Autonome Industriekolonie als wirtschaftliches Experiment
In den Anfangsjahren der Sowjetunion wurde eine relativ liberale Wirtschaftspolitik verfolgt und so setzte man auf Know-how aus dem Ausland. Dabei hatte man vor allem sozialistisch gesinnte Spezialisten mit Pioniergeist im Blick. Um das Kohlebecken zu erschließen, wurde 1922 die „Autonome Industriekolonie Kusbass“ gegründet. Das Unternehmen unterhielt Büros in den USA, Deutschland und anderen Staaten, um Fachleute zu rekrutieren. Vorsitzender wurde der niederländische Marxist und Bauingenieur Sebald Rutgers, der zuvor in den USA gelebt hatte. Der Großteil der rund 750 Spezialisten kam ebenfalls aus Amerika, weitere stammten unter anderem aus Deutschland, Finnland und Serbien.

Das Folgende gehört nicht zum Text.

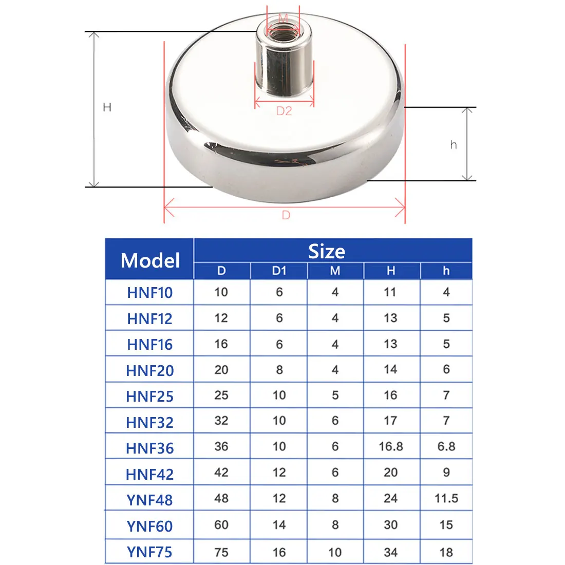Характеристики: Материал: нержавеющая сталь NdFeB + 304 Цвет: серебристый Максимальная тяговая сила: HNF10: 1,5 кг HNF12: 2 кг HNF16: 8 кг HNF20: 12 кг HNF25: 25 кг HNF32: 34 кг HNF36: 50 кг HNF42: 66 кг HNF48: 78 кг HNF60: 160 кг HNF75: 270 кг См. Таблицу для конкретных размеров
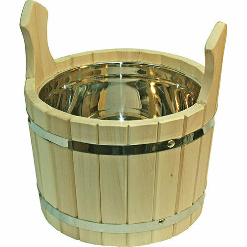 Шайка с удобными резными ручками, выполненная в традиционном стиле бондарным способом. Корпус изготовлен из отборной древесины липы, наиболее часто используемой для производства банной утвари и отделки внутренних помещения благодаря своим высоким экологическим и эстетическим показателям. Материал имеет приятный светлый тон, он не темнеет со временем и не склонен к растрескиванию, имеет бархатистую поверхность. Детали собраны металлическими обручами, придающими конструкции прочность и оригинальный внешний вид. Вставка из нержавеющей стали не только многократно продлевает срок службы изделия, но и позволяет использовать его без предварительной подготовки, которая требуется простым деревянным сосудам, пока набухнет древесина, чтобы плотно закрыть щели между клёпками.

Sebald Rutgers erreichte bei der Politik, dass das Unternehmen weitgehend unabhängig wirtschaften durfte. In dem multinationalen Experiment gab es durchaus eine gewisse nationale Spezialisierung, wie man in der Ausstellung erfährt. Die Amerikaner errichteten die Kohlebergwerke, die Deutschen die Kokerei, die noch heute auf der anderen Seite des Flusses steht. Finnen und Niederländer waren vor allem als Bauingenieure tätig.
Lange existierte das Experiment nicht. Das Modell einer ausländischen Industriekolonie passte nicht mehr zur politischen Lage und 1926 wurden die Verträge gekündigt. Fast alle Ausländer verließen das Land, manche wurden gar Opfer von Repressionen.
Doch während der wenigen Jahre, die das Unternehmen wirtschaftete, wurden einige Kohlebergwerke in Betrieb genommen, die erste Kokerei Russlands errichtet und ein moderner Landwirtschaftsbetrieb gegründet. Siedlungen wurden ans Stromnetz angeschlossen und Wohnraum geschaffen.
Architektonisches Erbe aus den Niederlanden
Bemerkenswert sind die Bauten des niederländischen Architekten Johannes Bernardus van Loghem. Ganz in der Nähe des Museums befinden sich 1926 errichtete Reihenhäuser für Arbeiter, die sogenannten „Wursthäuser“. Die Mitarbeiterinnen des Museums weisen gerne den etwa 15-minütigen Fußweg. Den Reihenhäusern liegt die gleiche Idee wie den deutschen Gartenstädten zugrunde. Jede Arbeiterfamilie sollte ein eigenes Haus und einen eigenen kleinen Garten haben. Sie stehen unter Denkmalschutz, sind aber leider ziemlich dem Verfall preisgegeben. Besser geht es der Schule, die derselbe Architekt direkt daneben geplant hat.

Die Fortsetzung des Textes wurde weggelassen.